Antithyroid drugs are medications that block the production of thyroid hormone in the follicular cells of the thyroid gland. The antithyroid drugs that are commonly used to treat hyperthyroidism associated with Graves' disease are called thionamides. Within the follicular cells of the thyroid gland, production of thyroid hormone is controlled by an enzyme called thyroid peroxidase. In one of the steps involved in the synthesis of a molecule of thyroid hormone thyroid peroxidase binds to iodine, taking it up and attaching it to a chemical compound called tyrosine through a process called coupling. Thionamides act by binding to the region of thyroid peroxidase that binds to iodine, disrupting normal coupling. This disruption blocks the production of new molecules of thyroid hormone.

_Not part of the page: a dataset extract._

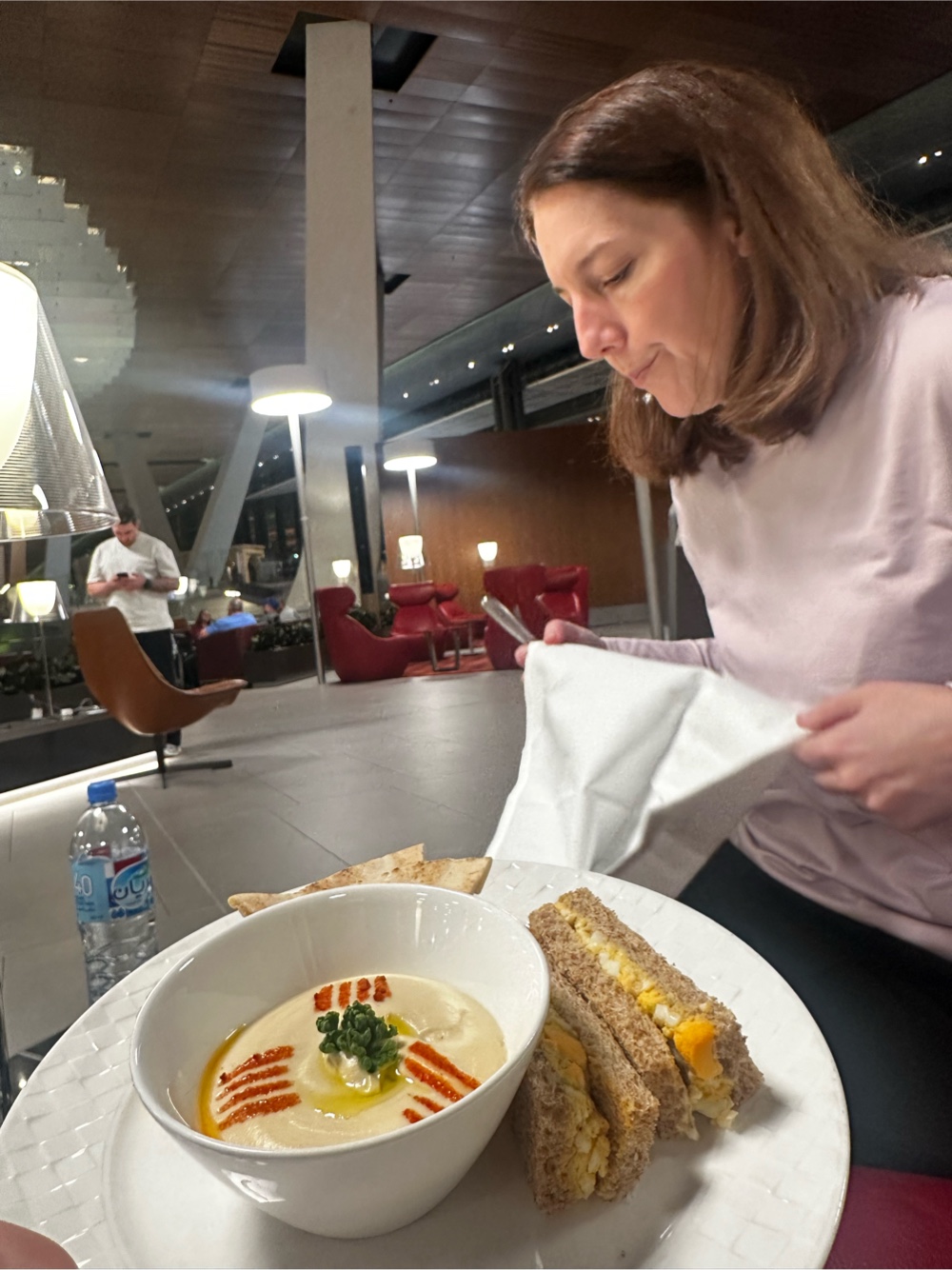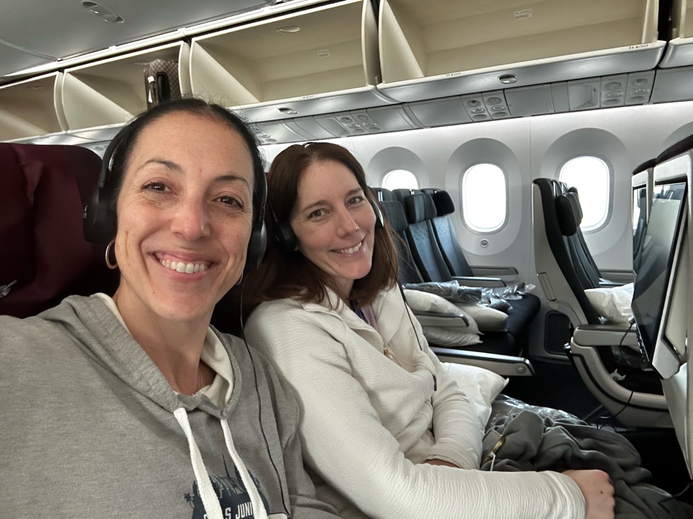 We both made it to Doha on Thursday, and what a beautiful airport - very much what I expected from a Middle East hub - bougie, brand name, boutique-y and bustling. The first challenge was to find Liz, then kill about 8 hours without falling asleep so we could sleep on leg 2 - Doha to Kilimanjaro. We found the lounge that I had a pass to and were able to shower which helped us feel half normal.

Antithyroid drugs may be used to treat any disorder that is associated with hyperthyroidism. In the setting of mild Graves' disease, antithyroid drugs are often used as the main form of treatment. A common approach to the treatment of mild Graves' disease involves starting a patient on an antithyroid drug with plans to continue treatment for a set period of 1-2 years. When the trial period is over, the antithyroid drug may be held so that blood tests can be checked to see if the patient's Graves' disease is still active. This approach is based on the understanding that a certain percentage of patients with active Graves' disease may spontaneously go into remission with the passage of time. There are certain factors that may help to predict which patients are more likely to go into remission. Patients with Graves' disease who have significant enlargement of the thyroid gland or severe thyrotoxicosis with high T4 levels and increased ratios of T3 to T4 may be less likely to go into remission. In the setting of moderate to severe Graves' disease, antithyroid drugs may be used as temporary treatment to control the production and secretion of excess amounts of thyroid hormone while plans are made to proceed with more definitive treatment. In some cases, antithyroid drugs may be used as the only form of treatment if a complicating disorder or patient preference rules out other forms of treatment.
The two antithyroid drugs most commonly prescribed in the United States are called methimazole and propylthiouracil. Propylthiouracil is also known as PTU. Methimazole is available in 5 mg and 10 mg tablets. Propylthiouracil is available as a 50 mg tablet. A different antithyroid drug commonly prescribed in Europe and other parts of the world is called carbamizole.